Supreme Court of Tennessee, at Nashville, December Term, 1930
Feb 21, 1931
35 S.W.2d 389 (Tenn. 1931)

Summary

In State ex rel. v. Waggoner (1931), 162 Tenn. 172, 35 S.W.2d 389, the Supreme Court said: "... it is incumbent on one claiming for his property an exemption from taxation to show that such property comes within the exempting clauses of the Constitution and statute," citing M.E. Church, South v. Hinton (1893), 92 Tenn. 188, 21 S.W. 321. (emphasis supplied)

Summary of this case from University of South v. Franklin County

Opinion

Opinion filed February 21, 1931.

1. TAXATION. Exemptions. Property of educational institution used purely or exclusively for educational purposes is exempt.

Where an educational institution is a corporation for profit, as distinguished from an eleemosynary corporation or a corporation organized for the general welfare, in order that its property shall be exempt from taxation, such property must be used purely or exclusively for educational purposes. (Post, p. 175.)

Constitution cited: Article 2, Sec. 28.

Act cited: Acts 1907, Ch. 602, Sec. 2.

Cases cited and approved: Ward Seminary v. City Council, 129 Tenn. (2 Thomp.), 412; M.E. Church, South, v. Hinton, 92 Tenn. (8 Pickle), 187.

2. TAXATION. Exemption of educational institution not to be narrowly construed.

An exemption from taxation of an educational institution is not to be so narrowly construed as an exemption of a railroad corporation. (Post, p. 176.)

Case cited and approved: State v. Fisk University, 87 Tenn. (3 Pickle, 233.

3. TAXATION. Exemptions. "Exclusive" use refers to primary use and not to incidental use.

Property of an educational institution may be regarded as used exclusively for educational purposes so long as the primary use is for such purposes, even though there be an incidental use for other purposes. (Post, p. 176.)

Citing: Cooley on Taxation, Vol. 2, Sec. 685.

4. EVIDENCE. Burden of proof. Taxation. One claiming exemption must show his right.

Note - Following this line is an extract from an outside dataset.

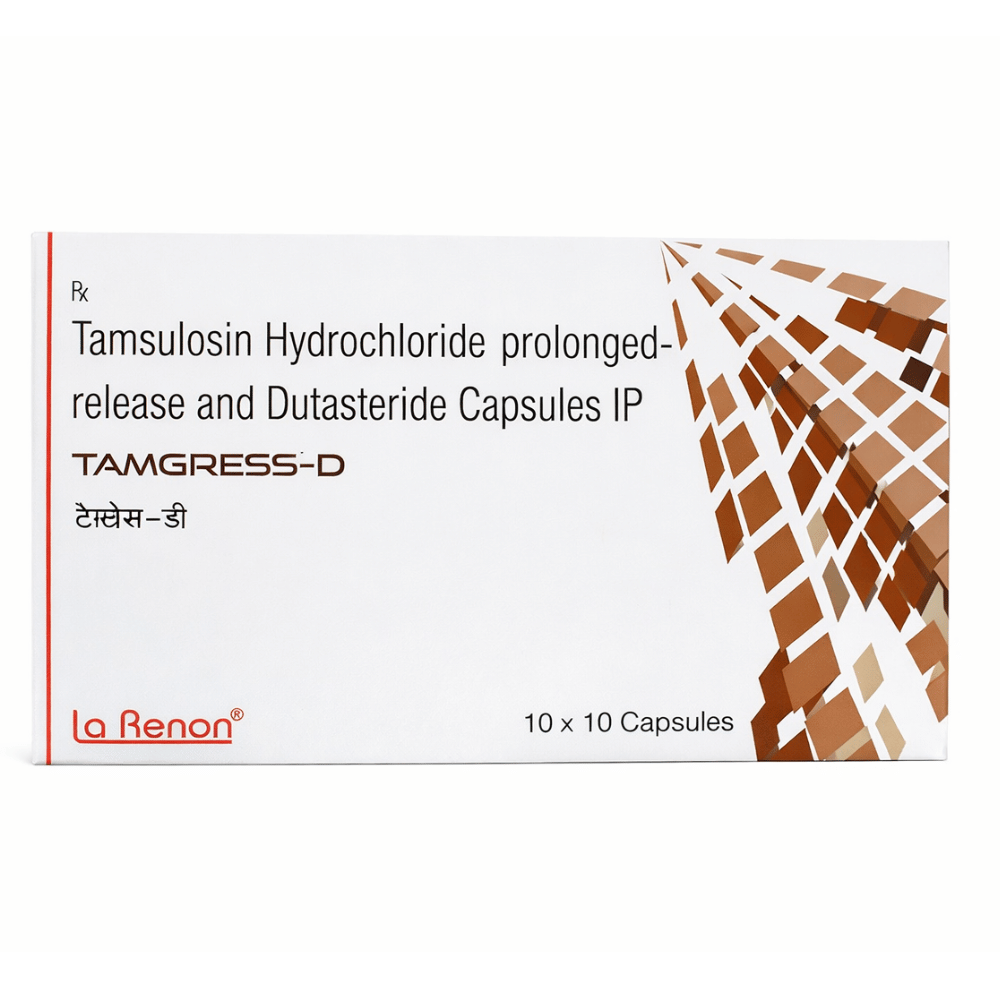 Tamgress-D Tamsulosin & Dutasteride Tablet are manufactured by La Renon Healthcare in India and contain 0.4mg & 0.5mg of Tamsulosin 0.4mg per tablet. Each Blister pack includes Pack of 100 Tablets, making Tamgress-D Tamsulosin & Dutasteride Tablet an effective option for . Prescription Required from your healthcare provider to purchase Tamsulosin 0.4mg medicine. Indogenmed deals in all type of generic Tamsulosin 0.4mg medicine.

One claiming for his property an exemption from taxation must show that such property comes within the exempting clause of the constitution and statute. (Post, p. 176.)

Case cited and approved: M.E. Church, South, v. Hinton, supra.

5. TAXATION. Exemptions. Residence owned by educational institution and furnished employe is exempt, when.

Where the dominant consideration for supplying a residence to a school employe is to promote the efficient administration of the institution, rather than to furnish a habitation for the employe, such a residence is used for educational purposes. (Post, p. 176.)

Citing: Knox College v. Board of Review, 380 Ill. 160; Harvard College v. Assessors, 175 Mass. 148; Phillips Academy v. Andover, 175 Mass. 118, 50 L.R.A. (N.S.), 1205; 21 L.R.A. (N.S.), 171; 10 Ann. Cases, 672.

6. TAXATION. Exemptions. Residence of employe of educational institution held not exempt under facts stated.

Where an educational institution, a corporation organized for profit, furnishes a residence to its business manager, and it appears that the occupancy of the house is without reference to the educational work of the school, but that it is furnished merely as part payment of the employe's compensation, such property is not exempt from taxation. (Post, p. 177.)

FROM DAVIDSON.

Appeal from the Chancery Court of Davidson County. — HON. R.B.C. HOWELL, Chancellor.

ALBERT G. EWING, III, for complainant, appellant.

M.P. O'CONNOR and LITTELL RUST, for defendant, appellee.


This suit was brought by the State for its own use and for the use of Davidson County to recover delinquent state and county taxes. Among other defendants is Ward-Belmont School. This defendant answered denying liability on the ground that its property involved was used for educational purposes and not liable to taxation. The chancellor decreed in favor of Ward-Belmont School and the State has appealed.

Ward-Belmont School is a corporation for profit, as distinguished from an eleemosynary corporation or a corporation organized for the general welfare. It owns valuable real estate in Nashville, a large campus with handsome and commodious buildings, as well as other property in the city and county. The corporation is capitalized at $450,000.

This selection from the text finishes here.